■ **Data block**
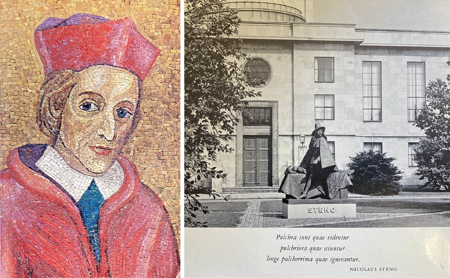 Рис. 2. Титульный цветной мозаичный портрет в больнице св. Иосифа (худ. А. Лейхбауер) и памятник Н. Стено в Копенгагене. Текст под фото: «Pulchra sunt quae videntur pulchriora quae sciuntur longe pulcherrima quae ignorantur. Nicolaus Steno» («Есть прекрасные вещи, которые мы видим, еще более прекрасные, о которых мы знаем, и самые прекрасные, которые нам неизвестны. Николай Стено» — пер. с лат. наш — Ю. В.)
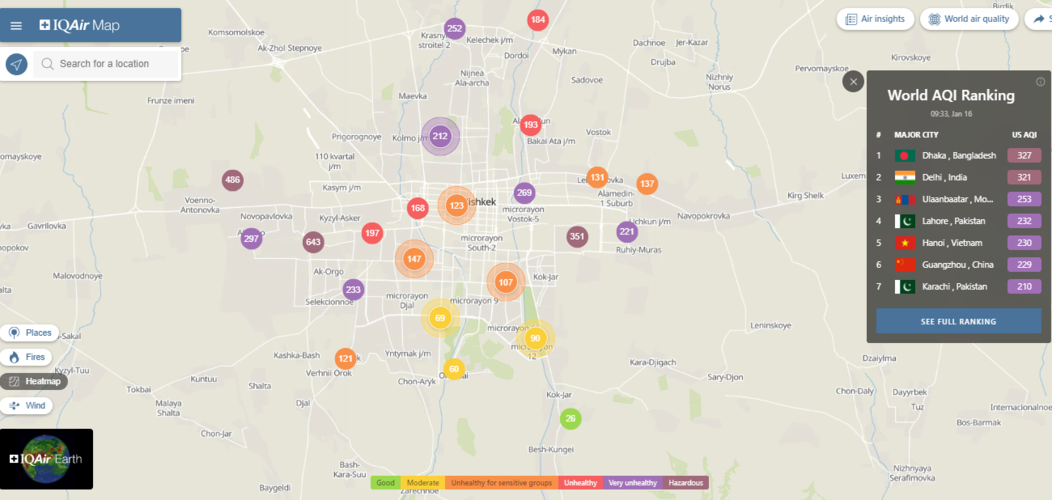 В рейтинге крупнейших городов мира по качеству воздуха World Air Quality Бишкек опустился на 21-е место.
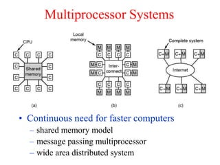 The document discusses multiple processor systems including multiprocessors, multicomputers, and distributed systems. It covers topics such as multiprocessor hardware architectures, operating systems, scheduling, synchronization, communication in multicomputers, and different types of middleware for distributed systems including document-based, file system-based, shared object-based, and coordination-based middleware.
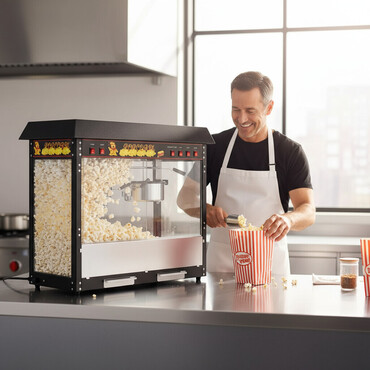 🍿 Profesionalni aparat za kokice sa jednim ili dva lonca, idealan za bioskope, ugostiteljstvo, sajmove i prodajna mesta. Omogućava veliku proizvodnju kokica do x kg po satu, uz zadržavanje ukusa i topline.

■ **Work item**
A verbatim transcript of the material above, with images dropped, is the expected output.

■ **Output of the exercise**
 Рис. 2. Титульный цветной мозаичный портрет в больнице св. Иосифа (худ. А. Лейхбауер) и памятник Н. Стено в Копенгагене. Текст под фото: «Pulchra sunt quae videntur pulchriora quae sciuntur longe pulcherrima quae ignorantur. Nicolaus Steno» («Есть прекрасные вещи, которые мы видим, еще более прекрасные, о которых мы знаем, и самые прекрасные, которые нам неизвестны. Николай Стено» — пер. с лат. наш — Ю. В.)
 В рейтинге крупнейших городов мира по качеству воздуха World Air Quality Бишкек опустился на 21-е место.
 The document discusses multiple processor systems including multiprocessors, multicomputers, and distributed systems. It covers topics such as multiprocessor hardware architectures, operating systems, scheduling, synchronization, communication in multicomputers, and different types of middleware for distributed systems including document-based, file system-based, shared object-based, and coordination-based middleware.
 🍿 Profesionalni aparat za kokice sa jednim ili dva lonca, idealan za bioskope, ugostiteljstvo, sajmove i prodajna mesta. Omogućava veliku proizvodnju kokica do x kg po satu, uz zadržavanje ukusa i topline.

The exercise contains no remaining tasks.